Please transcribe the entries exactly and omit the images they contain.
Segment Start: RECORDS FOR THIS TASK
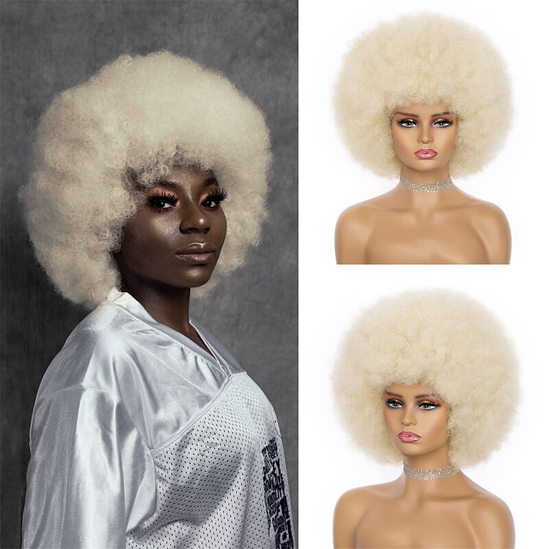 $20.99 - Afro Wig - 70s Blonde Afro Wig For Women Soft Afro Kinky Curly Hair Wigs With Bangs Natural Looking Men Bouncy Blonde Afro Puff Wig Synthetic Hair Big Afro Wig Halloween Cosplay Party Wigs 2025. Shop for cheap Historical Wigs online? Buy at lightinthebox.com on sale today!
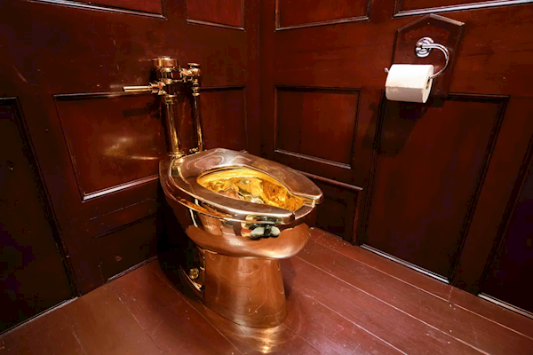 2019年两马桶其中之一在英国布莱尼姆宫展出时,5名劫匪驾车撞开大门,用大锤破窗而入,在短短5分钟内拆解并偷走了它,现场因水管破裂 "水漫金山",增加了调查难度。
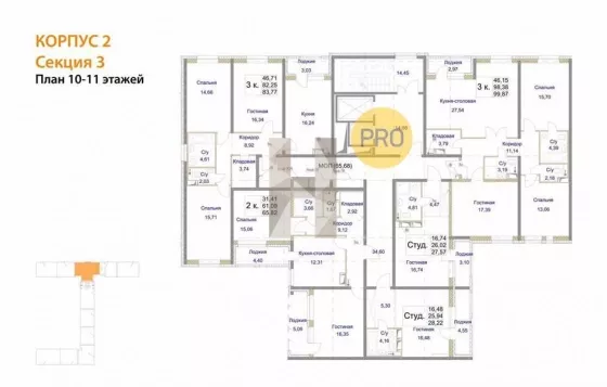 Квартира: 3 к 100,20 кв.м., 11 этаж в комплексе Terra, 2 очередь, корп.2, сдача: 4кв. , этажей: 13, адрес Студенческая ул., д. 14/1/1, Застройщик: РосСтройИнвест.
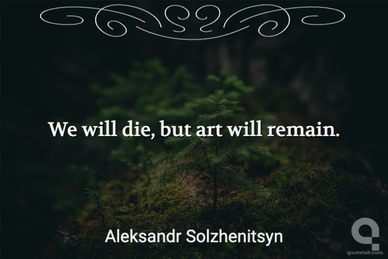 We will die, but art will remain.
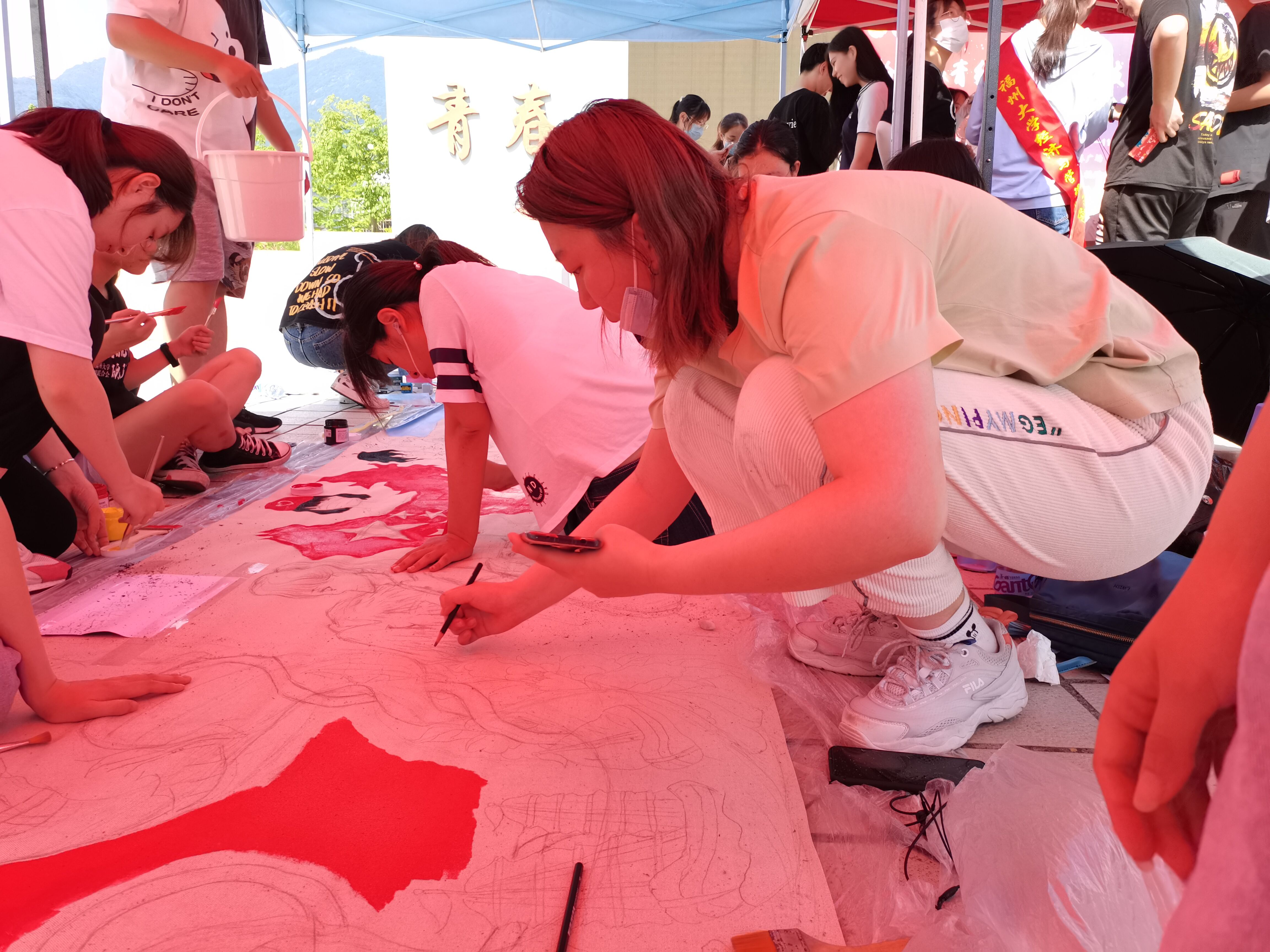 随后人文代表团在无帐篷的情况下顶着太阳暴晒作画,热辣的天气能让同学们大汗淋漓、汗流浃背,却不能阻挡他们参与的热情。打线稿、涂颜料、勾线条,熟悉的作画流程却又彰显着与平常不一样的风采。黄色、红色、蓝色越来越多的色彩融合在一起,经过同学们一个多小时的努力,板块上的图案也愈发清晰——草莓视频
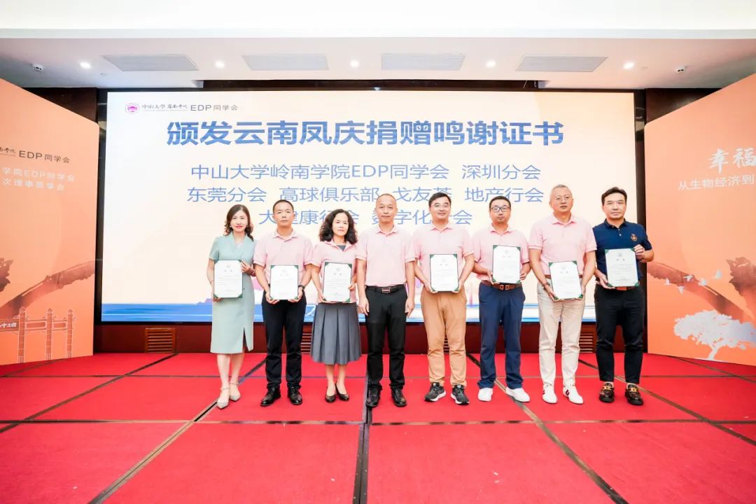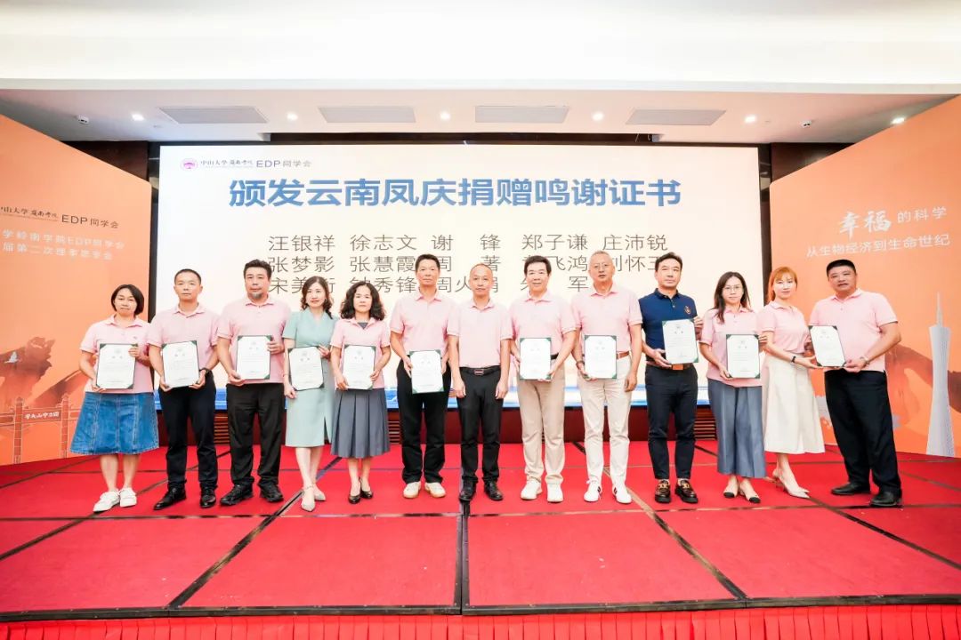 涓涓细流,汇聚善意之海。5月初,中山大学继续教育学院校友会发起凤庆县爱心募捐行动,岭南学院EDP同学会各部门各分会和校友们积极响应,短短一周时间筹得了33.6万,最终与兄弟分会共筹得善款一百万元,支持凤庆县东城完全小学项目。“理事思享会”上, 向所有在云南凤庆助学项目中捐赠的部门和个人颁发鸣谢证书,感谢校友们多次用实际行动为凤庆当地发展建设贡献力量,充分展现了中大人的家国情怀。
Segment End: RECORDS FOR THIS TASK
» PROBLEM SOLUTION:
 $20.99 - Afro Wig - 70s Blonde Afro Wig For Women Soft Afro Kinky Curly Hair Wigs With Bangs Natural Looking Men Bouncy Blonde Afro Puff Wig Synthetic Hair Big Afro Wig Halloween Cosplay Party Wigs 2025. Shop for cheap Historical Wigs online? Buy at lightinthebox.com on sale today!
 2019年两马桶其中之一在英国布莱尼姆宫展出时,5名劫匪驾车撞开大门,用大锤破窗而入,在短短5分钟内拆解并偷走了它,现场因水管破裂 "水漫金山",增加了调查难度。
 Квартира: 3 к 100,20 кв.м., 11 этаж в комплексе Terra, 2 очередь, корп.2, сдача: 4кв. , этажей: 13, адрес Студенческая ул., д. 14/1/1, Застройщик: РосСтройИнвест.
 We will die, but art will remain.
 随后人文代表团在无帐篷的情况下顶着太阳暴晒作画,热辣的天气能让同学们大汗淋漓、汗流浃背,却不能阻挡他们参与的热情。打线稿、涂颜料、勾线条,熟悉的作画流程却又彰显着与平常不一样的风采。黄色、红色、蓝色越来越多的色彩融合在一起,经过同学们一个多小时的努力,板块上的图案也愈发清晰——草莓视频
 涓涓细流,汇聚善意之海。5月初,中山大学继续教育学院校友会发起凤庆县爱心募捐行动,岭南学院EDP同学会各部门各分会和校友们积极响应,短短一周时间筹得了33.6万,最终与兄弟分会共筹得善款一百万元,支持凤庆县东城完全小学项目。“理事思享会”上, 向所有在云南凤庆助学项目中捐赠的部门和个人颁发鸣谢证书,感谢校友们多次用实际行动为凤庆当地发展建设贡献力量,充分展现了中大人的家国情怀。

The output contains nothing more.